The effects of non-DVLO forces in colloidal aggregation

Detailed knowledge of the stability of colloidal dispersions and the growth process it undergoes after de-stabilization is of great importance. It is manifested, for example, in (1) the shelf life of drug suspensions, dispersed paints and inks, ceramics, etc., (2) the structure of porous media used in oil recovery, catalysis, water treatment, and chromatography, (3) the structure of such entities as snowflakes, quartz, etc, and (4) the physical and chemical properties that the dispersion or aggregate exhibits. When the dispersion becomes unstable, the structure of the resulting cluster is inherently related to the dynamics of the aggregation. The traditional approach in understanding both colloidal stability and aggregation has been the Derjaguin-Landau-Verwey-Overbeeck (DLVO) theory, the determination of the interaction energy between two colloidal particles as a function of their center-to-center separation. While DLVO theory has been applied to accurately describe the stability and the irreversible aggregation of electrostatically-stabilized colloids, the same cannot be said in many circumstances where steric or hydration forces dominate. The objective of this work is to examine the effect of non-DLVO forces on the kinetics and the morphology of aggregate formation.; Investigations into these effects in theory and experiment are carried out.
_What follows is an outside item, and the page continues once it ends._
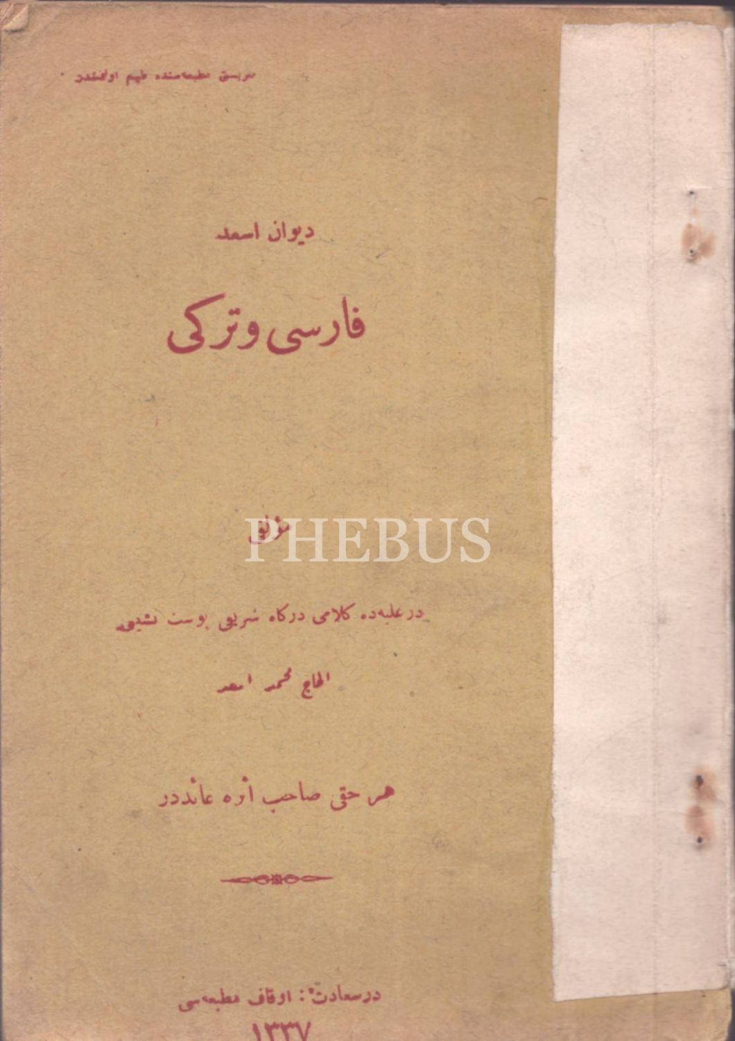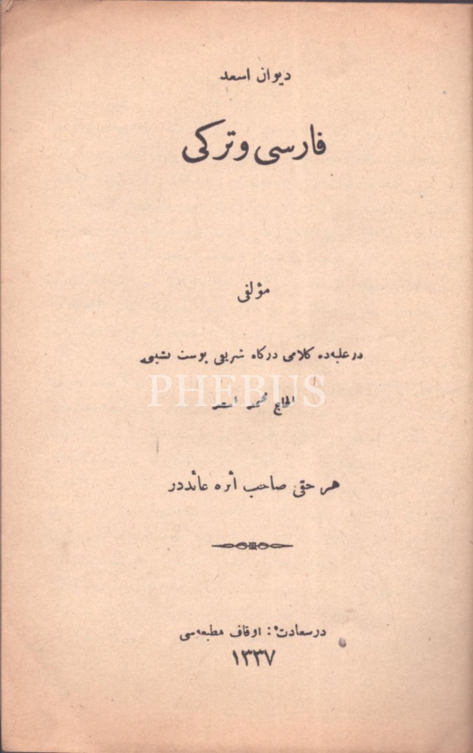 DÎVÂN-I ES´AD (Fârisî ve Türkî), el-Hac Mehmed Esad, Evkaf Matbaası, İstanbul 1337, 64+4 s., 14x20 cm

First, the use of viscosity-enhancing/crosslinkable polymers in a dispersed phase is examined to assist in the collection of particles in a solid-liquid separation process. Agglomerate structure which is important in resisting hydrodynamic effects is found to be dependent on a variety of factors. The following two case studies investigated the de-stabilization of sterically-stabilized particles in non-aqueous media. We show that the aggregation in such systems is reversible and that its rate and structure may be tuned by carefully controlling solvency conditions. In the final case study, hydration forces in high salt media are believed to unexpectedly reduce the aggregation rate of colloids resulting in compact aggregate structure found to resemble those formed in very low salt concentrations.